Stored items from a collection
------

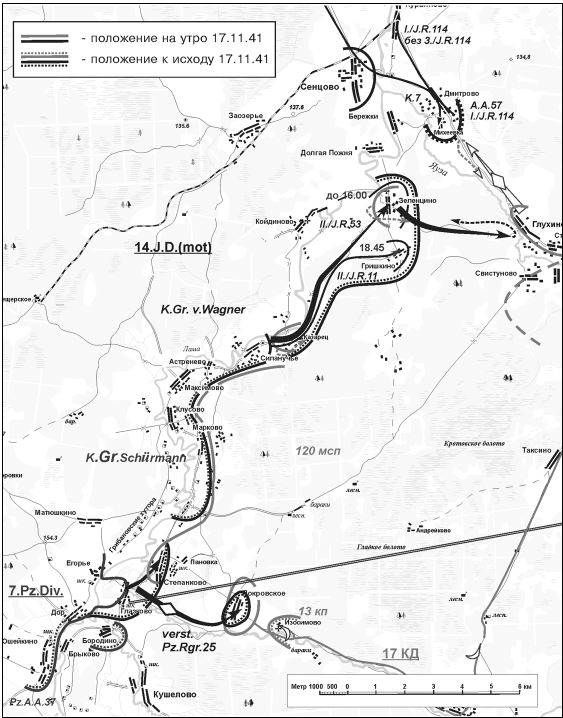 Командование 2‐й танковой дивизии рассчитывало на помощь соседа – 11‐й танковой. Однако, хотя та и перешла в наступление на широком фронте, ее действия благодаря стойкости батальона Момышулы и его соседей – кавалеристов, никак не сказались на общей обстановке у 2‐й танковой. Большую часть дня на восточном фронте немцам пришлось обороняться. Так, в 12.50 была отбита атака от Шишкино на Рождествено[160]. Об этом эпизоде наша сторона ничего не сообщает. Напротив, отмечается, что в течение дня 1075‐м стрелковым полком были отбиты две атаки противника силой до двух батальонов пехоты, поддержанных 17 танками из района Рождествено, Лысцово. Развязка наступила вечером. В распоряжение нашего полка прибыли шесть танков 1‐й гвардейской танковой бригады. При их поддержке в 18.00 была организована атака на Лысцово. Наступление было встречено контратакой пехоты и танков противника. В результате 1075‐й полк не только не взял Лысцово, но был вынужден оставить Шишкино, отойдя на западную опушку леса восточнее деревни. При этом полк понес большие потери[161]. По немецким данным атака на Лысцово частями боевой группы 1 была отражена в 17.25[162]. Шишкино было занято после жестокого боя в 17.55[163]. Но понятно, что небольшая разница во времени у обоих противников не имеет принципиального значения.
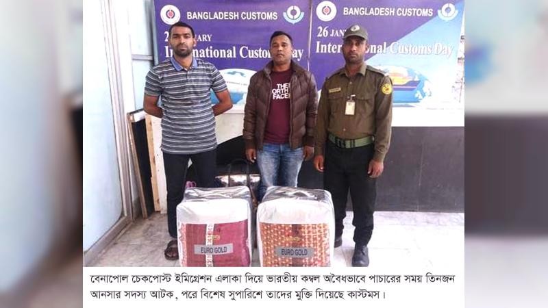 স্থানীয় সূত্র ও দায়িত্বশীল গোয়েন্দা কর্মকর্তারা জানান, পাসপোর্ট ব্যতীত বিদেশি কম্বল পাচারের চেষ্টা করার সময় আনসার সদস্যদের গতিবিধি গোয়েন্দা সংস্থার নজরে আসে। তাদের আটকে জিজ্ঞাসাবাদ করলে তারা নিজেদের আনসার সদস্য পরিচয় দেয়। পরে তাদের কাস্টমসের কাছে সোপর্দ করা হয়।
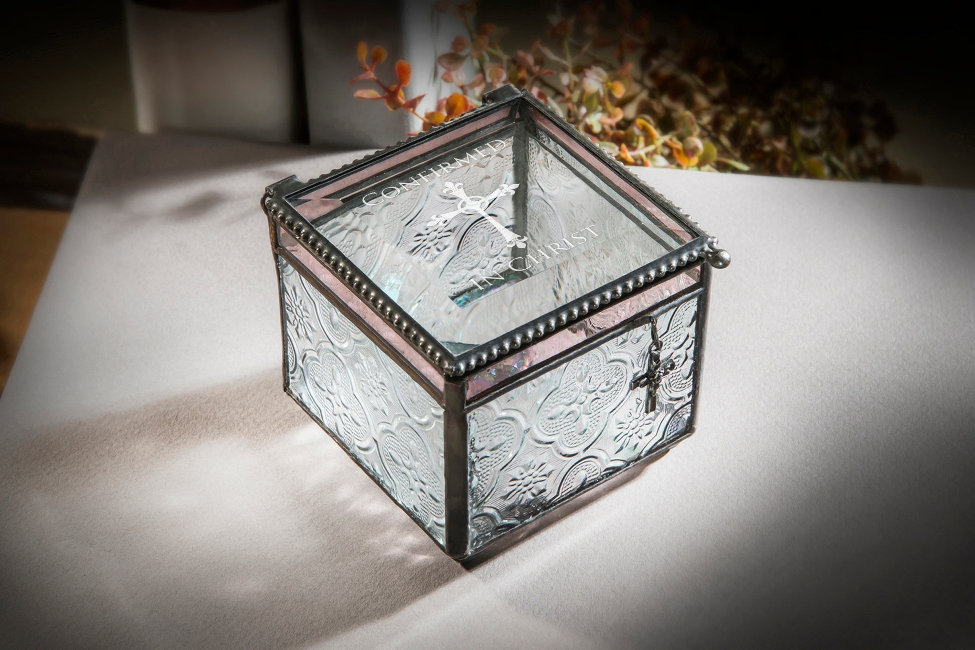 This vintage stained glass keepsake box engraved with the words "Confirmed in Christ" makes a truly meaningful and timeless Confirmation gift. The Christian cross charm represents faith and the significance of the baptismal sacrament.
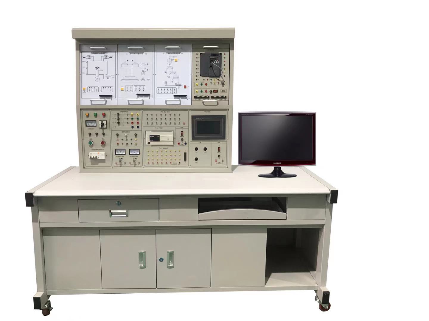 PLC可編程控制器實(shí)驗(yàn)裝置由控制屏、實(shí)訓(xùn)桌、PLC主機(jī)實(shí)訓(xùn)組件、PLC實(shí)訓(xùn)模塊、變頻器掛箱、觸摸屏掛箱、交直流電機(jī)、總線單元、通信模塊、電機(jī)導(dǎo)軌、測速機(jī)構(gòu)等組成。
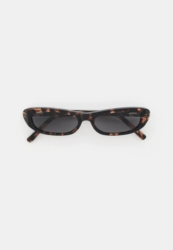 На другой стороне ринга — сверхтонкая оправа, которая, если глаза защитит от солнца — уже спасибо. Такие очки — что-то среднее между 60-ми, когда в моде был футуризм Пьера Кардена и Андре Куррежа, ретро-стилем 90-х, когда в топе трендов были узкие квадратные оправы, как у Хейли Бибер, и cat eye — очками, которые вытягиваются к вискам и прорисовывают нам модельные скулы. Опять же, носим такие и для защиты от солнца, и для защиты от голубого света на работе.
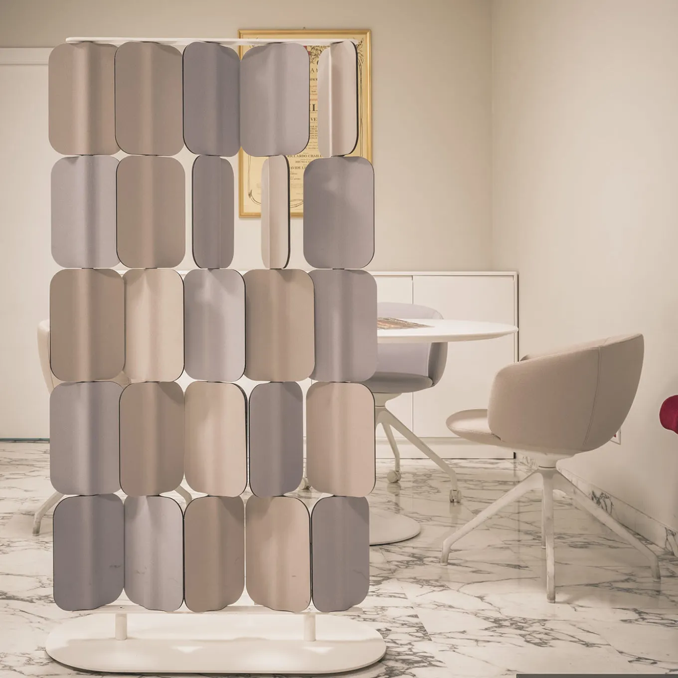 Questo raffinato paravento, che fa parte della collezione Patch, progettata per offrire una privacy visiva e acustica in modo moderno, è perfetto per uffici, sale d’albergo e loft open space multifunzionali. La struttura indipendente è composta da una base e da un telaio tubolare in acciaio con finitura bianca e da cinque elementi verticali di mini-pannelli fonoassorbenti. Realizzati in poliestere multistrato e tessuto bianco, crema e grigio chiaro, i pannelli possono essere ruotati manualmente per controllare la direzione del suono e regolare la quantità di privacy visiva desiderata. Disponibile anche nella versione a soffitto.
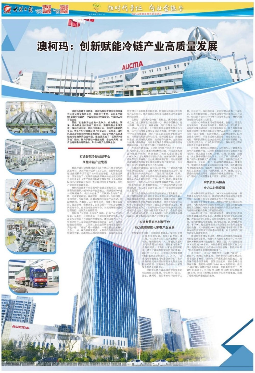 澳柯瑪入選“2021山東社會責任企業”
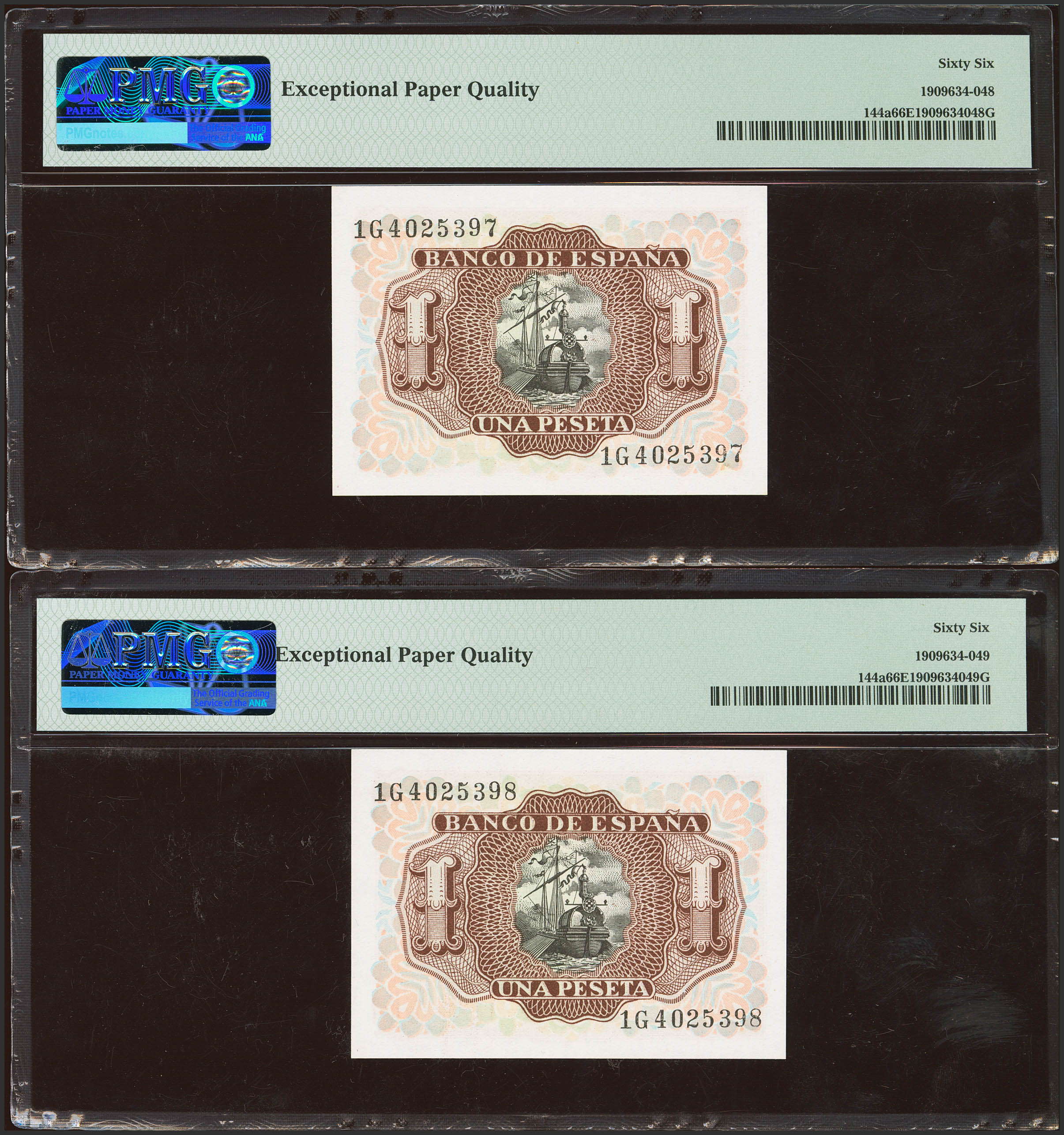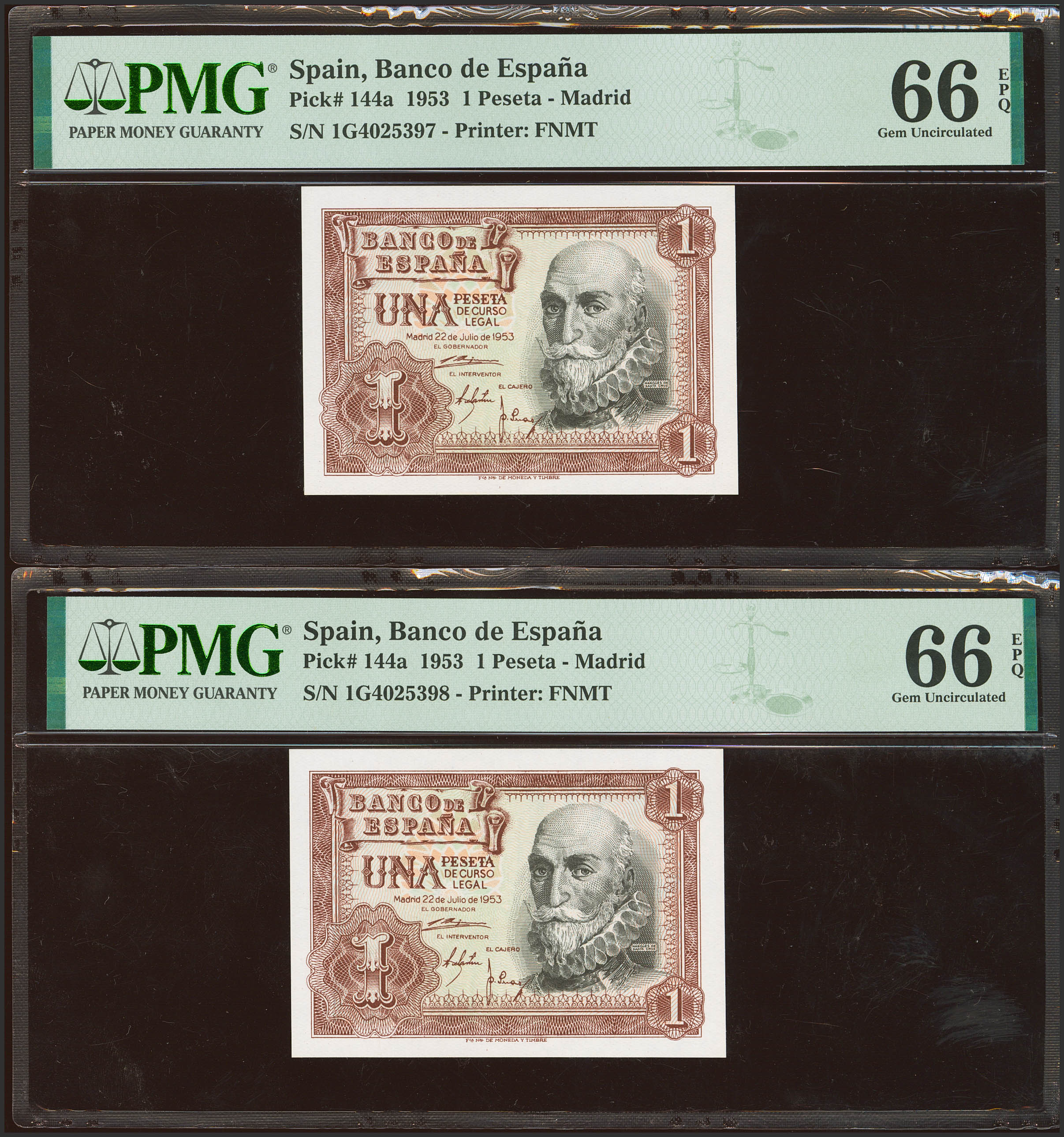 1 Peseta. 22 de Julio de 1953. Pareja correlativa. Serie 1G. (Edifil 2023: 465b, Pick: 144a). Apresto original. SC. Encapsulados PMG66EPQ, ambos.
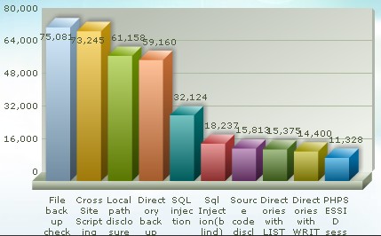 报告中的漏洞就上面4种了,关于更多的漏洞不妨可以去 http://www.iiscan.com/ 的主页,点击"强大功能"看那个fusioncharts的报表,列了各种漏洞,点击各自的能进入查看具体描述。
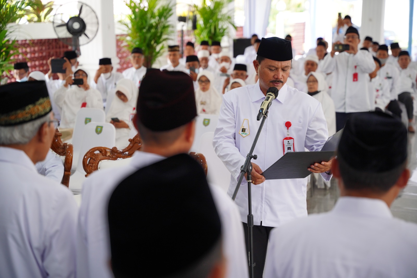 MADIUN - Wali Kota Maidi mengukuhkan pengurus Ikatan Persaudaraan Haji Indonesia (IPHI) Kota Madiun masa kepengurusan 2023-2028, Rabu (15/2).
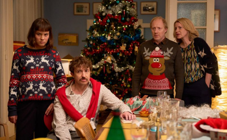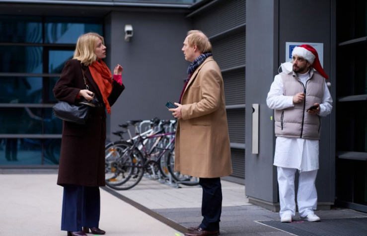 Von links: Sissy (Hilde Dalik) freut sich über die Ankunft von Weihnachtsmann" Peter. Harald (Simon Schwarz, MItte) und Till (Angelo Konzett) dagegen sind irritiert über dessen Aufzug.

------

_What to do_: Output, line for line and exactly, the records above from their first line through the one with "PLC可編程控制器實(shí", both ends included, but no pictures.

_Written response_:
 Командование 2‐й танковой дивизии рассчитывало на помощь соседа – 11‐й танковой. Однако, хотя та и перешла в наступление на широком фронте, ее действия благодаря стойкости батальона Момышулы и его соседей – кавалеристов, никак не сказались на общей обстановке у 2‐й танковой. Большую часть дня на восточном фронте немцам пришлось обороняться. Так, в 12.50 была отбита атака от Шишкино на Рождествено[160]. Об этом эпизоде наша сторона ничего не сообщает. Напротив, отмечается, что в течение дня 1075‐м стрелковым полком были отбиты две атаки противника силой до двух батальонов пехоты, поддержанных 17 танками из района Рождествено, Лысцово. Развязка наступила вечером. В распоряжение нашего полка прибыли шесть танков 1‐й гвардейской танковой бригады. При их поддержке в 18.00 была организована атака на Лысцово. Наступление было встречено контратакой пехоты и танков противника. В результате 1075‐й полк не только не взял Лысцово, но был вынужден оставить Шишкино, отойдя на западную опушку леса восточнее деревни. При этом полк понес большие потери[161]. По немецким данным атака на Лысцово частями боевой группы 1 была отражена в 17.25[162]. Шишкино было занято после жестокого боя в 17.55[163]. Но понятно, что небольшая разница во времени у обоих противников не имеет принципиального значения.
 স্থানীয় সূত্র ও দায়িত্বশীল গোয়েন্দা কর্মকর্তারা জানান, পাসপোর্ট ব্যতীত বিদেশি কম্বল পাচারের চেষ্টা করার সময় আনসার সদস্যদের গতিবিধি গোয়েন্দা সংস্থার নজরে আসে। তাদের আটকে জিজ্ঞাসাবাদ করলে তারা নিজেদের আনসার সদস্য পরিচয় দেয়। পরে তাদের কাস্টমসের কাছে সোপর্দ করা হয়।
 This vintage stained glass keepsake box engraved with the words "Confirmed in Christ" makes a truly meaningful and timeless Confirmation gift. The Christian cross charm represents faith and the significance of the baptismal sacrament.
 PLC可編程控制器實(shí)驗(yàn)裝置由控制屏、實(shí)訓(xùn)桌、PLC主機(jī)實(shí)訓(xùn)組件、PLC實(shí)訓(xùn)模塊、變頻器掛箱、觸摸屏掛箱、交直流電機(jī)、總線單元、通信模塊、電機(jī)導(dǎo)軌、測速機(jī)構(gòu)等組成。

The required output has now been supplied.